You sure its not you who have been conditioned to see the 4 beddys as reasonable priced ?How much for that 4 beddy 3-4 years ago ? As long as they can afford the repayments now they can always lock in the fix rates when rates start to move up and be set for life. In 5 years time they will very likely pay a lot less in monthly repayments then you will to rent it out. You can ridicule the poor buggers now for buying a house with little to no deposit but if in 5 years or so they decide to buy another place as PPOR and rent this house to you then we'll see who is going to have the last laugh. Rent it for 20 years and you've just paid off the poor buggers IP
So FHB won't afford to buy it and will have to rent it, how is that going to to cause the bottom to fall out ?
Because smart investors are staying away at the moment. The governement might move in and buy some areas for public housing stock – at discount prices.
harb wrote:
And they going to leave on a park bench ? Come on, you can do better then this.
They are going to downsize to rural and costal, which heve already had massive falls but they are going to absolutely flood the market in doing so.
harb wrote:
4 – In case you haven't noticed the under $500K market is flying out the door and the REA's are doing alright. Besides, how is that going to reduce the replacement cost ?
It's closer to the under 350k market by the time the deal is done. Have you purchased in the last 6 months?
harb wrote:
You sure its not you who have been conditioned to see the 4 beddys as reasonable priced ?How much for that 4 beddy 3-4 years ago ?
Haven't been watching closely that long but mid last year they were 500k+, this year many are advertised under 400k and sell for less than 375 in rare instances. You cant seriously tell me that a townhouse is worth 350k next to that.
harb wrote:
You can ridicule the poor buggers now for buying a house with little to no deposit but if in 5 years or so they decide to buy another place as PPOR and rent this house to you then we'll see who is going to have the last laugh.
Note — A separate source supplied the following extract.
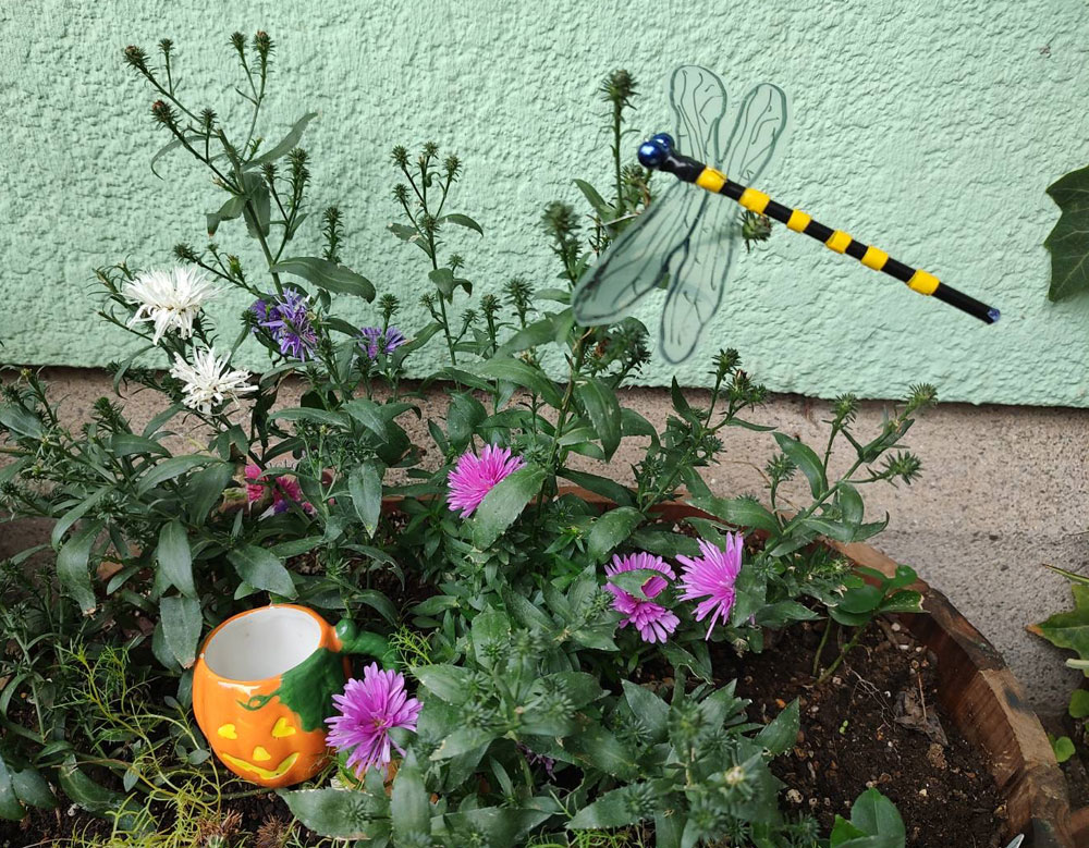 昨日お絵描き会に来た人が作って来てくれたオニヤンマがリアルなので写真UPしました。このオニヤンマを草木に付けておくとスズメバチが来ないとか。毎回のように色々作って持って来てくれるので楽しませてもらっています(*^^*)

Some ideas follow. Some could be prolonged but some are impossible to avoid in the short term. I will note those with an *
1 – FHOG boost gets taken away. 2 – Unemployment keeps increasing. * 3 – Immigration keeps decreasing. * 4 – Stock increases as BB leave work and sell both PPOR and investment property. * 5 – Negative gearing is reassessd. 6 – Bank lending criterior is tightened further. *
My personal opinion, FHOG won't be taken away. I think it's just going to be reduced. The number of immigration also is still going to rise, because more people will come to Australia to get a better life. The negative gearing also won't be reassessed. The reason for this is in the past they did this, and doesn't work, and they put this back to attract investor.
In conclusion, I think we have to think positive that the property market. In the long run, the price will rise. Just buy what we can afford.